WORK TASK: Only the text should come through, so restate the listing exactly and drop its images.

SUPPLIED DATA:
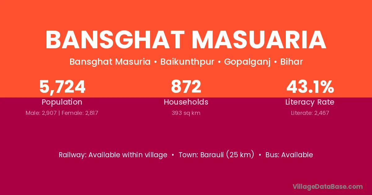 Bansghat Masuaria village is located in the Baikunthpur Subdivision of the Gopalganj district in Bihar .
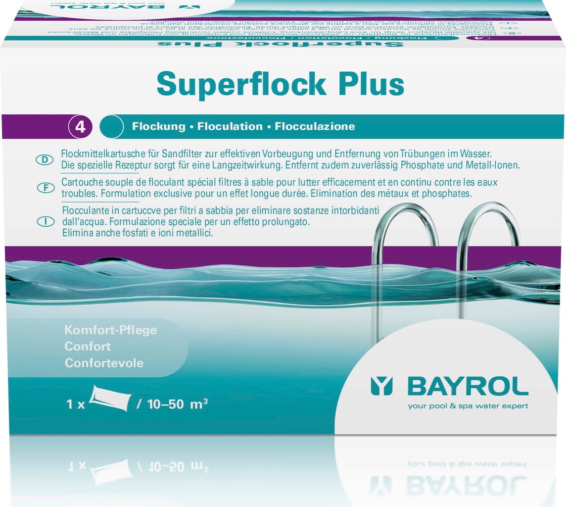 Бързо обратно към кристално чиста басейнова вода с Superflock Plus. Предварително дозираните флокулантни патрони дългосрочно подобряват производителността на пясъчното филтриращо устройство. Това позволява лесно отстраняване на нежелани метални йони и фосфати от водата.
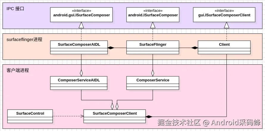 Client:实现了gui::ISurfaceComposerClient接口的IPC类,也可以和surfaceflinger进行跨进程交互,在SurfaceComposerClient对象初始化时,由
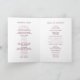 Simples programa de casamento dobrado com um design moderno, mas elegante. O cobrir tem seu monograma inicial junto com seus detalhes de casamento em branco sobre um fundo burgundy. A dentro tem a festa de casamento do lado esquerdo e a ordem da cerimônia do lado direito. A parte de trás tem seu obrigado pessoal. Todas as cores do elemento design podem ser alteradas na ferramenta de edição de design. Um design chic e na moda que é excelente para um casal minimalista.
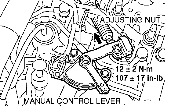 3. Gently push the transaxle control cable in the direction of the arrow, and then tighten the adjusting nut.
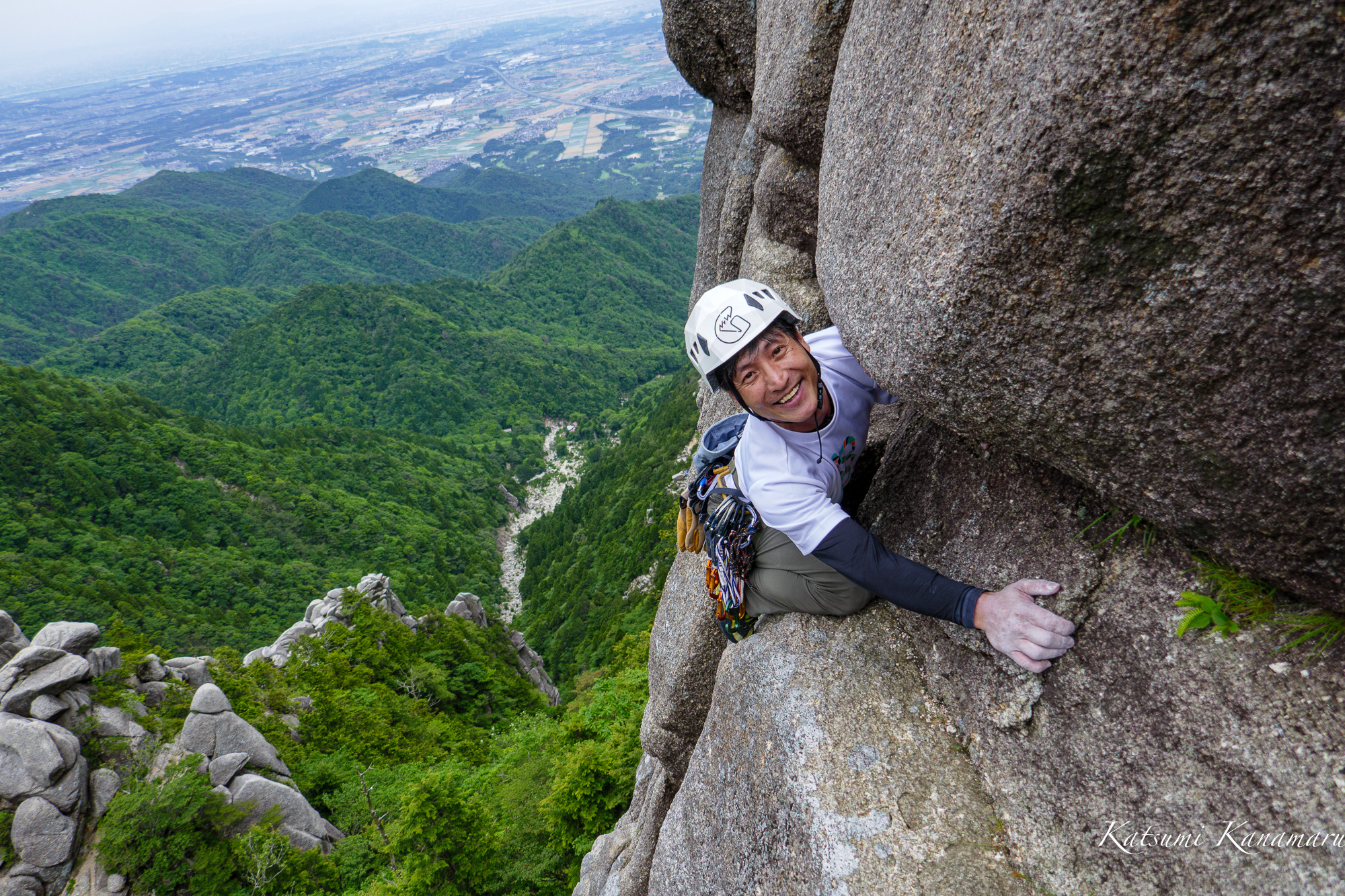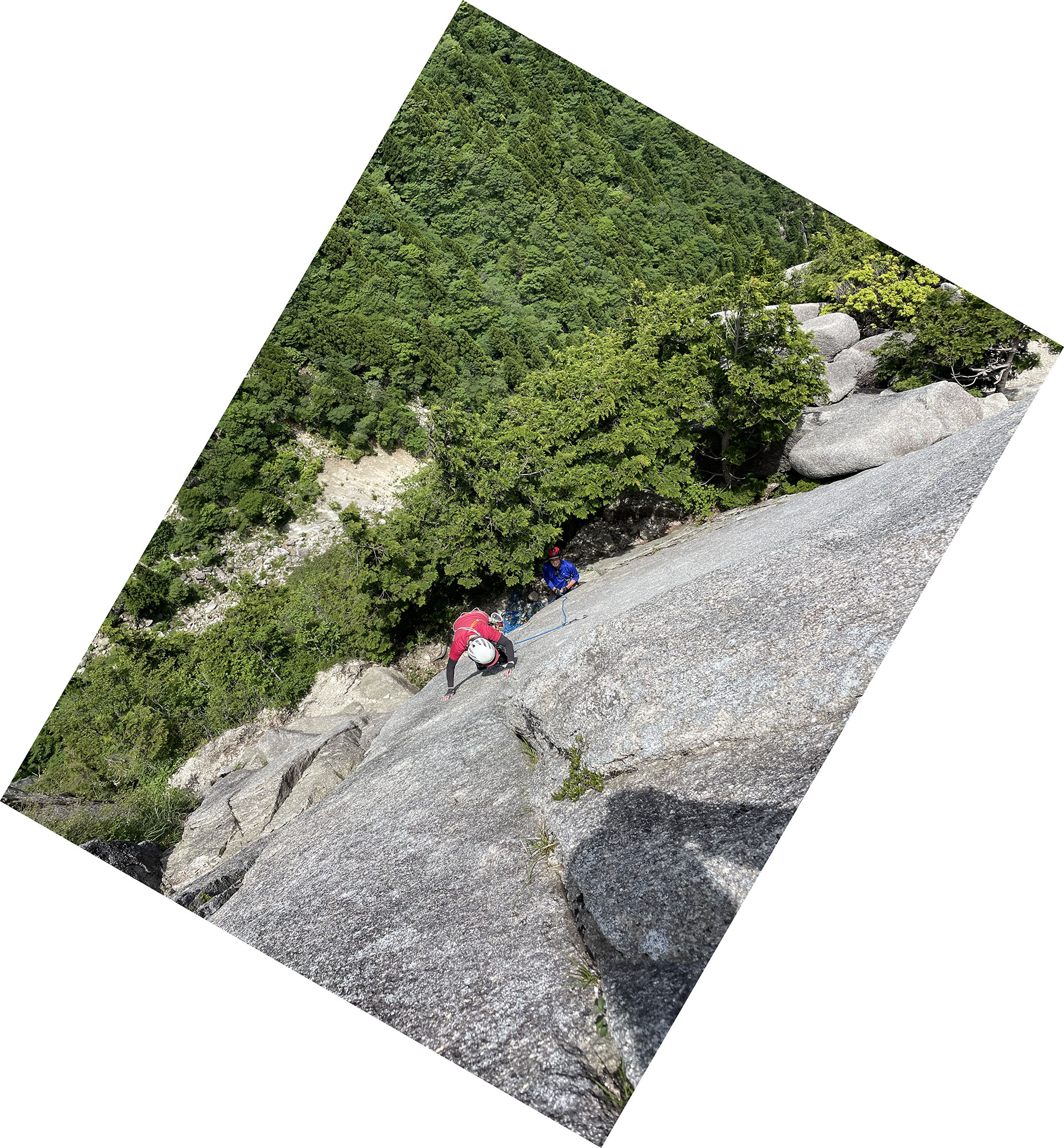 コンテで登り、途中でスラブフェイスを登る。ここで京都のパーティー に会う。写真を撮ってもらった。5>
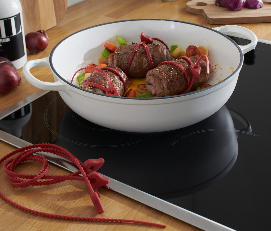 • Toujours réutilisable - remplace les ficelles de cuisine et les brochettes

ANSWER BELOW:
 Bansghat Masuaria village is located in the Baikunthpur Subdivision of the Gopalganj district in Bihar .
 Бързо обратно към кристално чиста басейнова вода с Superflock Plus. Предварително дозираните флокулантни патрони дългосрочно подобряват производителността на пясъчното филтриращо устройство. Това позволява лесно отстраняване на нежелани метални йони и фосфати от водата.
 Client:实现了gui::ISurfaceComposerClient接口的IPC类,也可以和surfaceflinger进行跨进程交互,在SurfaceComposerClient对象初始化时,由
 Simples programa de casamento dobrado com um design moderno, mas elegante. O cobrir tem seu monograma inicial junto com seus detalhes de casamento em branco sobre um fundo burgundy. A dentro tem a festa de casamento do lado esquerdo e a ordem da cerimônia do lado direito. A parte de trás tem seu obrigado pessoal. Todas as cores do elemento design podem ser alteradas na ferramenta de edição de design. Um design chic e na moda que é excelente para um casal minimalista.
 3. Gently push the transaxle control cable in the direction of the arrow, and then tighten the adjusting nut.
 コンテで登り、途中でスラブフェイスを登る。ここで京都のパーティー に会う。写真を撮ってもらった。5>
 • Toujours réutilisable - remplace les ficelles de cuisine et les brochettes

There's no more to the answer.